Transplantation: Innate Alloimmunity and Transplant Tolerance

"Innate immunity is an evolutionarily highly conserved, rapid first line of host defence against invading pathogens in different multicellular organisms, including insects and plants. In mammals, this host defense system precedes adaptive immunity where dendritic cells represent the bridge by translating informative events of innate immunity into antigen-specific events of adaptive immunity," Professor Dr. Walter Land (Munich) emphasizes in his new textbook "Innate Immunity and Allograft Rejection".

"Modern research data clearly indicate that innate immune defense is not only directed against pathogen-induced tissue injury but against any tissue injury, including reactive oxygen species-mediated injury to allografts occurring under donor brain death condition and allograft reperfusion in the recipient.

This implies that, in the situation of organ transplantation, we are dealing with two innate immune systems: that of the donor and that of the recipient. Accordingly, we can differentiate between donor-derived dendritic cells already residing in the allograft during implantation and recipient-derived dendritic cells entering the allograft during reperfusion in the recipient. Both types of dendritic cells, following transplantation, travel from the donor organ to the recipient´s secondary lymphoid tissue where, as immunostimulatory, ”immunogenic” dendritic cells, they stimulate/activate naïve recipient T cells under presentation of allogeneic peptide antigens.

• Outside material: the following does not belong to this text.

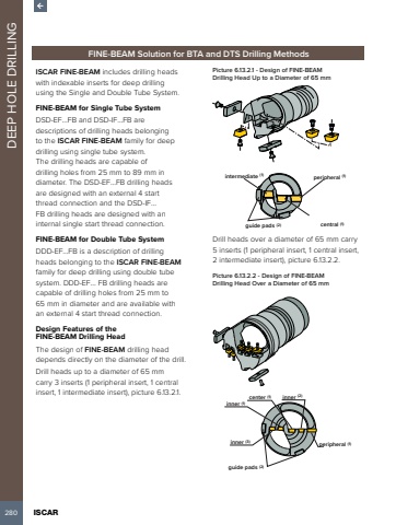 280 ISCAR DEEP HOLE DRILLINGFINE-BEAM Solution for BTA and DTS Drilling MethodsISCAR FINE-BEAM includes drilling heads with indexable inserts for deep drilling using the Single and Double Tube System.FINE-BEAM for Single Tube SystemDSD-EF%u2026FB and DSD-IF%u2026FB are descriptions of drilling heads belonging to the ISCAR FINE-BEAM family for deep drilling using single tube system. The drilling heads are capable of drilling holes from 25 mm to 89 mm in diameter. The DSD-EF%u2026FB drilling heads are designed with an external 4 start thread connection and the DSD-IF%u2026FB drilling heads are designed with an internal single start thread connection.FINE-BEAM for Double Tube SystemDDD-EF%u2026FB is a description of drilling heads belonging to the ISCAR FINE-BEAMfamily for deep drilling using double tube system. DDD-EF%u2026 FB drilling heads are capable of drilling holes from 25 mm to 65 mm in diameter and are available with an external 4 start thread connection.Design Features of the FINE-BEAM Drilling HeadThe design of FINE-BEAM drilling head depends directly on the diameter of the drill.Drill heads up to a diameter of 65 mm carry 3 inserts (1 peripheral insert, 1 central insert, 1 intermediate insert), picture 6.13.2.1.Picture 6.13.2.1 - Design of FINE-BEAMDrilling Head Up to a Diameter of 65 mmperipheral (1)central (1)intermediate (1)guide pads (2)Drill heads over a diameter of 65 mm carry 5 inserts (1 peripheral insert, 1 central insert, 2 intermediate insert), picture 6.13.2.2.Picture 6.13.2.2 - Design of FINE-BEAMDrilling Head Over a Diameter of 65 mmguide pads (2)center (1)inner (1)inner (2)inner (3)peripheral (1)

In fact, maturation of immature donor- and recipient-derived dendritic cells into immunostimulatory “immunogenic” cells must be regarded as the key event of innate alloimmunity; a molecular process which is induced via the primary oxidative allograft injury, and to which innate lymphocytes contribute via direct cell-to-cell-contact. The basic reaction/interaction of this process is the recognition of so called damage-associated molecular patterns (DAMPs) by pattern recognition receptors (PRRs) on dendritic cells. It is this injury-induced maturation process which leads to those immunostimulatory, “immunogenic” capacities of dendritic cells, and which is characteristically associated with up-regulation of 3 signals: signal 1 = up-regula­tion of allopeptide-complexing MHC-molecule expression; signal 2 = up-regulation of costimulatory molecule expression; signal 3 = secretion of Th1-cell-polarizing cytokines such as members of the interleukin-12 family, associated with the establishment of an inflammatory milieu and mainly influenced by the activation of intracellular inflammasomes.

Recent insights into molecular mechanisms of innate immunity indicate that dendritic cells do not only provoke an adaptive immune response but, in terms of tolerogenic dendritic cells, are also able to actively induce an immunological tolerance. Thus, immunologists, using various sophisticated experimental designs, succeeded in generating tolerogenic dendritic cells which enabled the researchers to induce true immunological tolerance.

In order to successfully generate tolerogenic dendritic cells, it seems to be of utmost importance to avoid the establishment of an inflammatory milieu, that is to inhibit the up-regulation of signal 3 or even signal 2 and 3. In regard to successful induction of transplant tolerance, this would mean to prevent initial oxidative injury to an allograft. Transplant clinicians should be aware of this aspect of innate alloimmunity when designing and elaborating on future research projects."